/---
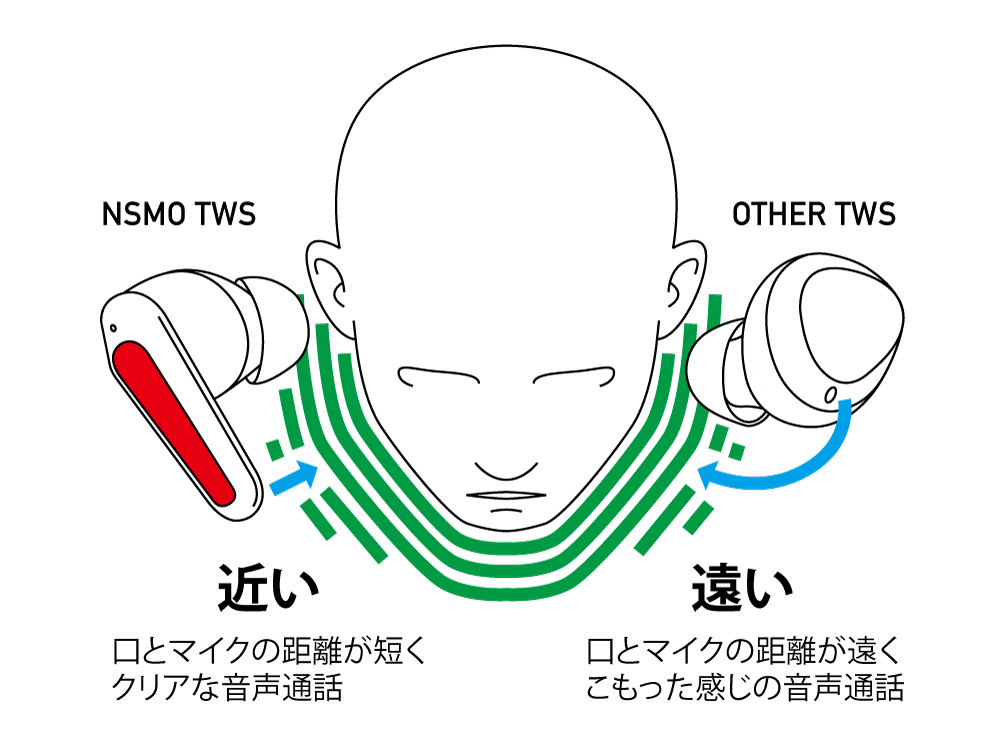 NSMO TWSのマイクは、口の方向(音源)を向くように内側に設計されています。マイクは非常に低い周波数と非常に高い周波数のサウンドを排除し、スムーズでクリアな音声を実現しました。 NSMO TWSは、電話会議やテレビ会議に最適なマイク品質も提供します。これにより話し手と聞き手の両方の声がはっきりと聞こえるようになります。
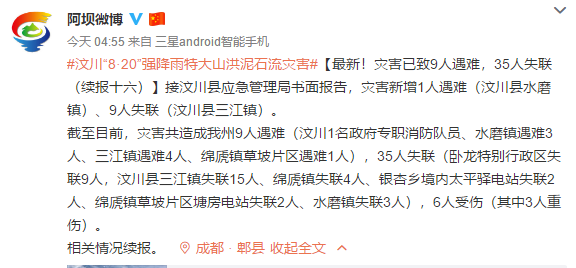 截至目前,災害共造成我州9人遇難(汶川1名政府專職消防隊員、水磨鎮(zhèn)遇難3人、三江鎮(zhèn)遇難4人、綿虒鎮(zhèn)草坡片區(qū)遇難1人),35人失聯(lián)(臥龍?zhí)貏e行政區(qū)失聯(lián)9人,汶川縣三江鎮(zhèn)失聯(lián)15人、綿虒鎮(zhèn)失聯(lián)4人、銀杏鄉(xiāng)境內(nèi)太平驛電站失聯(lián)2人、綿虒鎮(zhèn)草坡片區(qū)塘房電站失聯(lián)2人、水磨鎮(zhèn)失聯(lián)3人),6人受傷(其中3人重傷)。
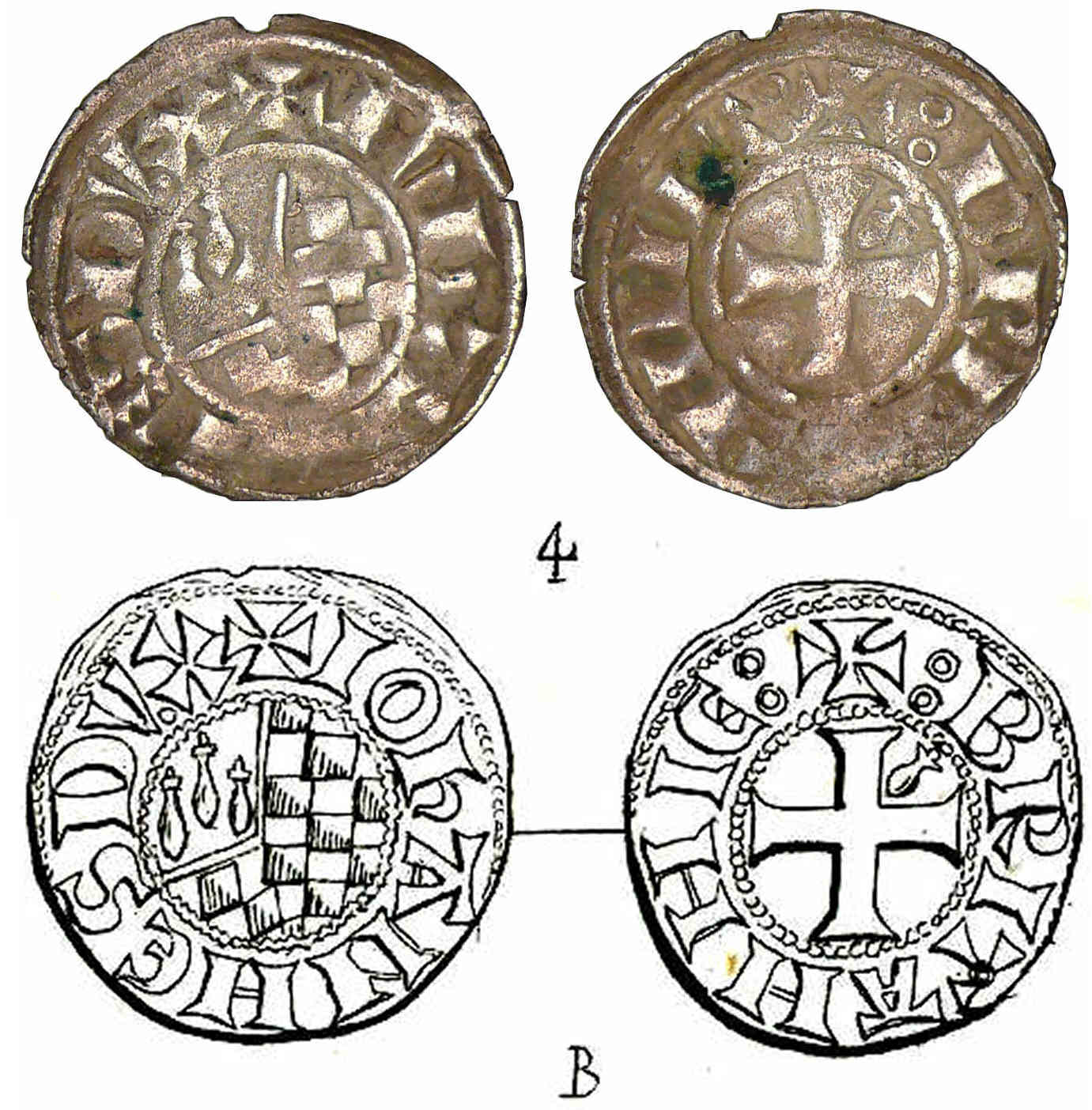Revers : R/ + (BpIŒAHHIE( – Croix cantonnée d’un Ç au 2ème canton.
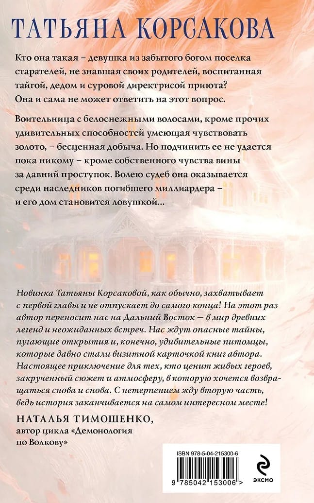 Кто она такая — девушка из забытого богом поселка старателей, не знавшая своих родителей, воспитанная тайгой, дедом и суровой директрисой приюта? Она и сама не может ответить на этот вопрос. Воительница с белоснежными волосами, кроме прочих удивительных способностей умеющая чувствовать золото, — бесценная добыча. Но подчинить ее не удается пока никому — кроме собственного чувства вины за давний проступок. Волею судеб она оказывается среди наследников погибшего миллиардера — и его дом становится ловушкой…
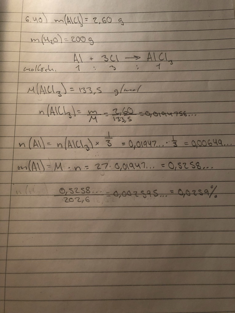 Substansmängden aluminiumklorid är 2,60/133,3 = 0,0195 mol. 1mol aluminiumklorid innehåller 1 mol aluminiumjoner, så substansmängden aluminiumjoner är också 0,0195 mol. 0,0195 mol aluminium har massan 0,0195.27,0 = 0,527 g. Masshalten är 0,527/202,6 = 0,00260 = 0,260 %, som facit säger.
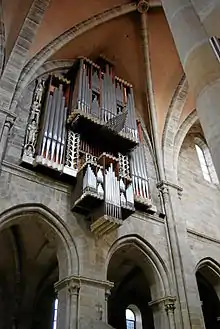 The cathedral has a choir at each end. The eastern choir is the oldest part of the cathedral, still in pure Romanesque style. The western choir is early Gothic and its vault was built from 1232.[1]: 205
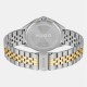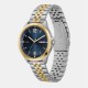 A 43mm stainless steel case, blue sunray dial, gold IP bezel, two tone stainless steel and gold IP bracelet and push button deployment. Water resistant to 5ATM
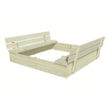 Sandy sandkasse kommer med hengslende lokk som gjøres om til sittebenker når er oppslått. Når sandkassen ikke brukes, anbefales det å lukke den slik at Katter holdes unna. Produsert i trykkimpregnert tre for lenger holdbarhet.
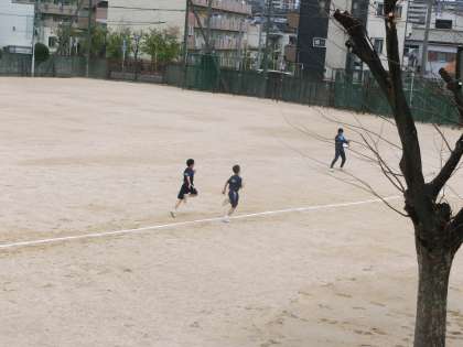 グラウンドでは、50m走が行われています。
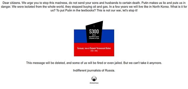 Hackers declare CYBERWAR on Russia: Anonymous collective take down THREE Russian news agency websites after attacking Kremlin-backed channel RT By KATE DENNETT FOR MAILONLINE PUBLISHED: 22:44 AEDT, 28 February 2022 | UPDATED: 22:51 AEDT, 28 February 2022 Anonymous collective have taken down three Russian news agency websites after attacking Kremlin-backed channel RT. The elusive computer experts..
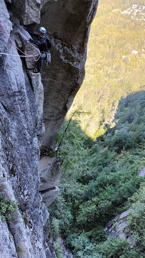 Se trata de 4 tiradas a cada cual mejor, destacando el cuarto largo; un impresionante diedro continuo de 50 metros.
\---
_About this task_
Wherever a picture appears, omit it; copy the rest of the data exactly.

_Output for this task_
 NSMO TWSのマイクは、口の方向(音源)を向くように内側に設計されています。マイクは非常に低い周波数と非常に高い周波数のサウンドを排除し、スムーズでクリアな音声を実現しました。 NSMO TWSは、電話会議やテレビ会議に最適なマイク品質も提供します。これにより話し手と聞き手の両方の声がはっきりと聞こえるようになります。
 截至目前,災害共造成我州9人遇難(汶川1名政府專職消防隊員、水磨鎮(zhèn)遇難3人、三江鎮(zhèn)遇難4人、綿虒鎮(zhèn)草坡片區(qū)遇難1人),35人失聯(lián)(臥龍?zhí)貏e行政區(qū)失聯(lián)9人,汶川縣三江鎮(zhèn)失聯(lián)15人、綿虒鎮(zhèn)失聯(lián)4人、銀杏鄉(xiāng)境內(nèi)太平驛電站失聯(lián)2人、綿虒鎮(zhèn)草坡片區(qū)塘房電站失聯(lián)2人、水磨鎮(zhèn)失聯(lián)3人),6人受傷(其中3人重傷)。
Revers : R/ + (BpIŒAHHIE( – Croix cantonnée d’un Ç au 2ème canton.
 Кто она такая — девушка из забытого богом поселка старателей, не знавшая своих родителей, воспитанная тайгой, дедом и суровой директрисой приюта? Она и сама не может ответить на этот вопрос. Воительница с белоснежными волосами, кроме прочих удивительных способностей умеющая чувствовать золото, — бесценная добыча. Но подчинить ее не удается пока никому — кроме собственного чувства вины за давний проступок. Волею судеб она оказывается среди наследников погибшего миллиардера — и его дом становится ловушкой…
 Substansmängden aluminiumklorid är 2,60/133,3 = 0,0195 mol. 1mol aluminiumklorid innehåller 1 mol aluminiumjoner, så substansmängden aluminiumjoner är också 0,0195 mol. 0,0195 mol aluminium har massan 0,0195.27,0 = 0,527 g. Masshalten är 0,527/202,6 = 0,00260 = 0,260 %, som facit säger.
 The cathedral has a choir at each end. The eastern choir is the oldest part of the cathedral, still in pure Romanesque style. The western choir is early Gothic and its vault was built from 1232.[1]: 205
 A 43mm stainless steel case, blue sunray dial, gold IP bezel, two tone stainless steel and gold IP bracelet and push button deployment. Water resistant to 5ATM
 Sandy sandkasse kommer med hengslende lokk som gjøres om til sittebenker når er oppslått. Når sandkassen ikke brukes, anbefales det å lukke den slik at Katter holdes unna. Produsert i trykkimpregnert tre for lenger holdbarhet.
 グラウンドでは、50m走が行われています。
 Hackers declare CYBERWAR on Russia: Anonymous collective take down THREE Russian news agency websites after attacking Kremlin-backed channel RT By KATE DENNETT FOR MAILONLINE PUBLISHED: 22:44 AEDT, 28 February 2022 | UPDATED: 22:51 AEDT, 28 February 2022 Anonymous collective have taken down three Russian news agency websites after attacking Kremlin-backed channel RT. The elusive computer experts..
 Se trata de 4 tiradas a cada cual mejor, destacando el cuarto largo; un impresionante diedro continuo de 50 metros.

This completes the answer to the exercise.